Object: It refers to any instance of a class or structure, and when it is used in the general sense includes all types, even scalar variables.

POD type (plain old data): This informal category of data types in C++ refers to types that are scalar (see the Fundamental types section) or are POD classes. A POD class has no static data members that aren’t also PODs, and has no user-defined constructors, user-defined destructors, or user-defined assignment operators. Also, a POD class has no virtual functions, no base class, and no private or protected non-static data members. POD types are often used for external data interchange, for example with a module written in the C language (which has POD types only).

C++ is a strongly typed language and it is also statically-typed.

When you declare a variable in your code, you must either specify its type explicitly, or use the auto keyword to instruct the compiler to deduce the type from the initializer.
When you declare a function in your code, you must specify the type of each argument and its return value, or void if no value is returned by the function. The exception is when you are using function templates, which allow for arguments of arbitrary types.

After you first declare a variable, you cannot change its type at some later point. However, you can copy the variable’s value or a function’s return value into another variable of a different type. Such operations are called type conversions, which are sometimes necessary but are also potential sources of data loss or incorrectness.
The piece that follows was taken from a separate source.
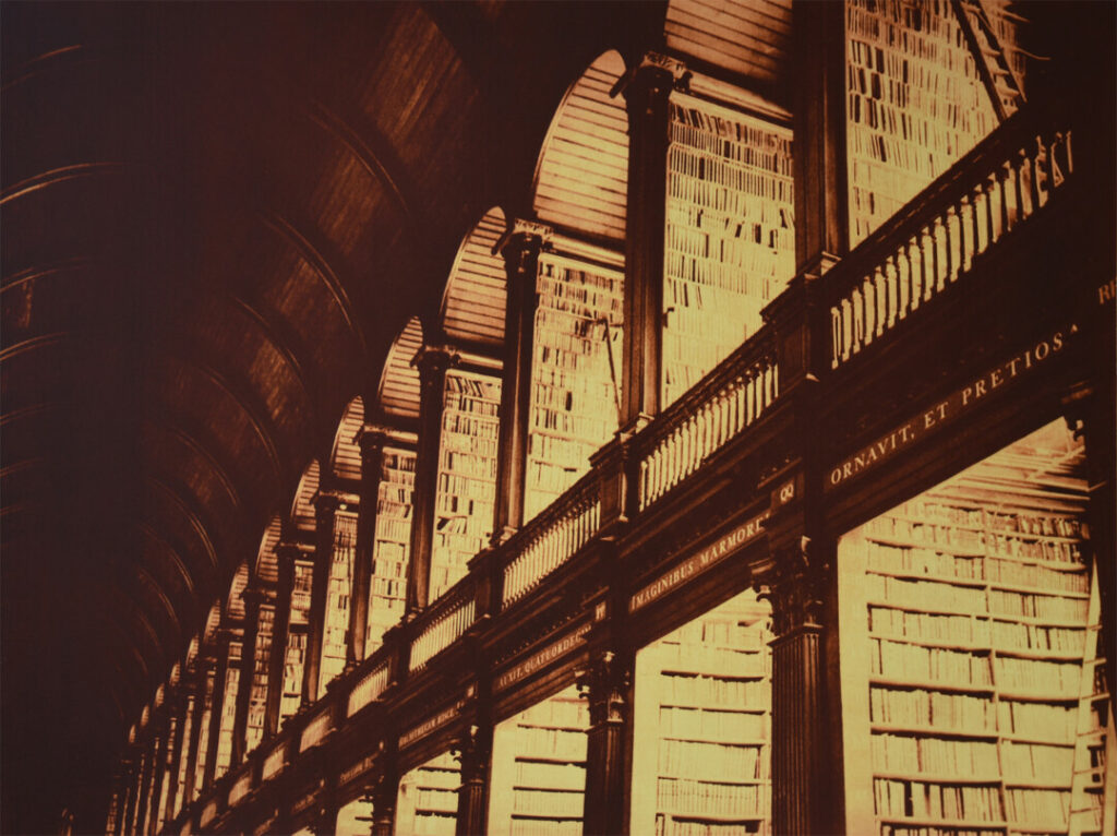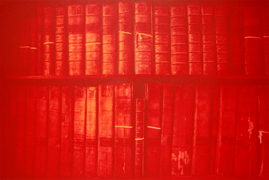 Den första delen i utställningen består i kompositioner med interiörer och bokryggar från olika bibliotek i världen. Jöran som har ett stort intresse för ordet och berättelsen och låter oss här få tankar om just boken, historien däri och allt liv som varit. Det är monumentala fotopolymergravyrer. Bilderna är som laddade teaterscener, intressanta i sin ljussättning.

When you declare a variable of POD type, we strongly recommend you initialize it. Until you initialize a variable, it has a "garbage" value that consists of whatever bits happened to be in that memory location previously. When declaring a variable of non-POD class type, the constructor handles initialization.
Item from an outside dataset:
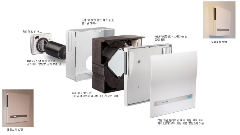 미세먼지와 라돈을 걸러주는 필터, 발음 및 단열이 된 급기 팬과 열 교환 소자가 있는 본체
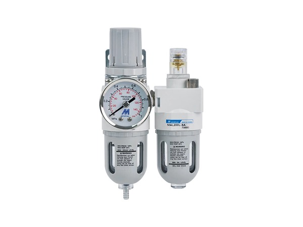 組件: MAFR200, MAL200,配管口徑尺寸: 1/8, 1/4,使用壓力范圍:0.05~1 MPa,耐壓力: 1.5 MPa。

int result = 0;              // Declare and initialize an integer. 
double coefficient = 10.8;   // Declare and initialize a floating  
                             // point value. 
auto name = "Lady G.";       // Declare a variable and let compiler  
                             // deduce the type. 
auto address;                // error. Compiler cannot deduce a type  
                             // without an intializing value. 
age = 12;                    // error. Variable declaration must 
                             // specify a type or use auto! 
result = "Kenny G.";         // error. Can’t assign text to an int. 
string result = "zero";      // error. Can’t redefine a variable with 
                             // new type. 
int maxValue;                // Not recommended! maxValue contains  
                             // garbage bits until it is initialized.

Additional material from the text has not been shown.